It means that racists and paedophiles are welcome in churches, but steps are taken to avoid them being able to harm others. So in the case of the latter they might be required not to talk or sit near to children or their parents, or to attend services where only adults are likely to be present. In both cases they would be barred from positions of trust or leadership, both to protect others and to avoid "leading them into temptation".
The theoretical. Is total bollocks. In the resurrection, in paradise, the therapy, deconstruction, reconstruction, rebirth of a mere fertilized ovum of a consciousness in a perfectly wired glorified brain in perfect full communion will make the "will", whatever that is, utterly irrelevant. Somebody should write the novel.
The practical. As you know better than any, bang them up. Because only in Norway (anywhere else?) are they actually going to be managed in the community. Apart from that humanly irredeemable monster Breivik. God will sort him out. We need another century or ten of economic growth before we can actually have the resources to rehabilitate non-psychopaths and be tough on the causes of crime.
And what @Arethosemyfeet said once they're out.
My "we" didn't refer to society and "them", and what "should be done" by someone else.

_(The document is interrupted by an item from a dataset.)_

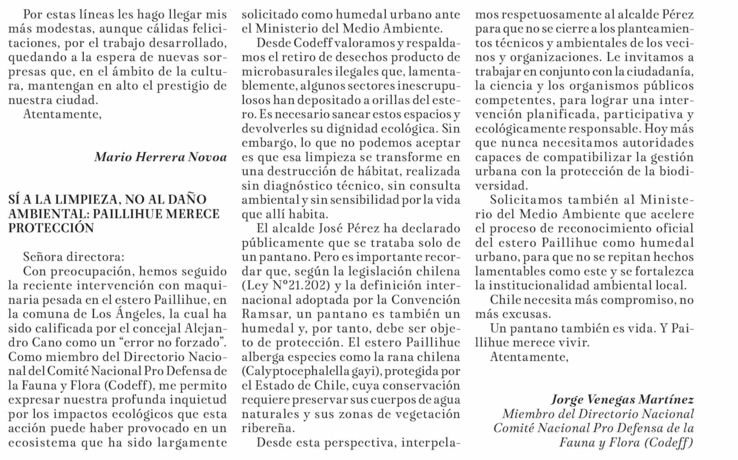 CARTAS: A LA LIMPIEZA, NO AL DAÑO AMBIENTAL: PAILLIHUE MERECE PROTECCIÓN

It referred to you, me, the person that's in our face, and what our attitude to them is. Because if it doesn't come down to how I actually behave, what's the point? ("Think globally, act locally, be converted personally" is my new mantra).
You can. Should have got it on your first recommendation. I like the incarnational mantra. I've experienced the public sharp end as a 'soup kitchen' volunteer. A 10 year regular with not a lot going for him (Brit. understatement), whom I know carries a knife (as opposed to assuming they all do, and no we never ask...), and has a scarily aggressive, now muzzled dog (Staffie-crocodile cross, and I'm a dog man) approached me looking disturbed one night and said that a new elderly man was his childhood abuser (I've had the reverse too, an abuser approaching me in fear). The venue is a sanctuary obviously, so what's the protocol? We gave the regular a takeaway; I'd reported the situation to my boss. Seen neither since. What if they'd both come to church? That would have been truth and reconciliation time. Or at least truth. I'd have had them come to different services for a start. And not to bring knives... I've always been hands on with the more obviously broken at church, in a hands off way of course. Apart from once... Use the elegantly matching R.D. Laing approach. With a huge full on delusional schizophrene loud in services, talking about his poltergeists... (code for his violence). Er, no I didn't turf him out. It would have taken five men armed with chairs. He'd have a bite on him as bad as the Staffie.
I've worked with a number of teenagers and children who were with that service because they had sexually assaulted other younger children and were identified as too risky to continue educating in mainstream schools. It was part of the reason that service was established. We were providing not just an education but also therapy, a safe place for both them and any other children and also facilitating support with one of the two organisations that attempts to address their offences.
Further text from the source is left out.